Sometimes a stressful day leads to soothing with salty chips, a pint of ice cream, or large order of greasy french fries. It can be momentarily comforting to eat these carb-laden, fatty foods that send serotonin levels up, dousing the brain's stress hormone, cortisol, and lending a momentary sense of calm.

According to the American Psychology Association, 39 percent of adults say they've "overeaten or eaten unhealthy foods because of stress” on a monthly basis. Almost half of those stress eaters report engaging in this kind of emotional binging weekly or more often.

What is Stress Eating?

"Many adults report engaging in unhealthy eating behaviors as a result of stress and say that these behaviors can lead to undesirable consequences, such as feeling sluggish or lazy and feeling bad about their bodies," according to the report from the APA. And according to the CDC, poor nutrition leads to chronic conditions including overweight and obesity, heart disease and stroke, type 2 diabetes, cancer, and deficits in brain function.

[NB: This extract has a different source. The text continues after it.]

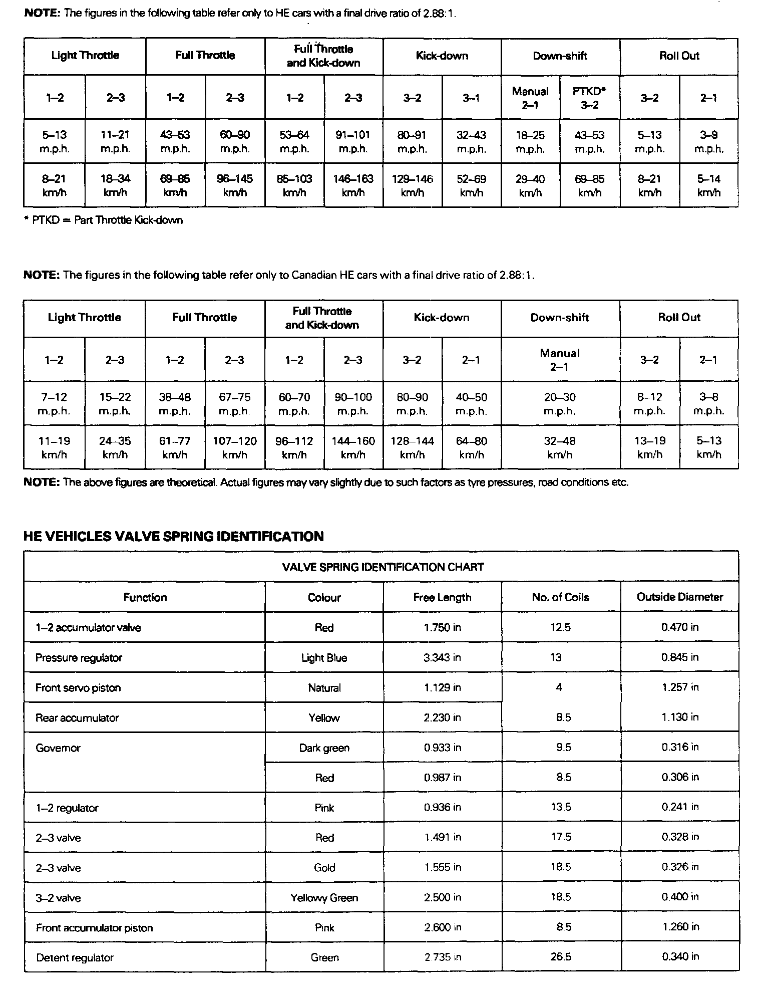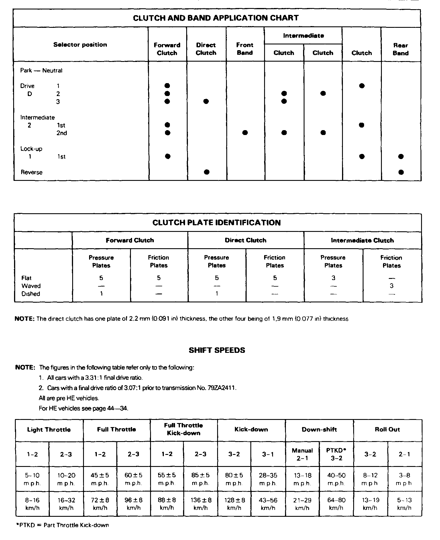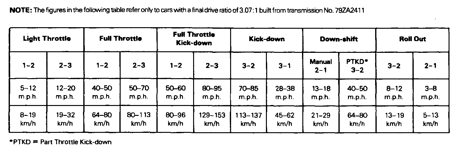 Shift Speed Specifications (Continued):

Stress eating refers to when people turn to high-calorie and high-fat foods during stressful moments, which causes their bodies also store more fat than when they are relaxed, the American Psychological Association states. A recent study shows that women feel more emotionally down after eating junk food than men do.

How to Stop Stress Eating

First recognize you're doing it, according to new research, and then plan a "lifestyle intervention" to lower stress and lead you to healthier food choices.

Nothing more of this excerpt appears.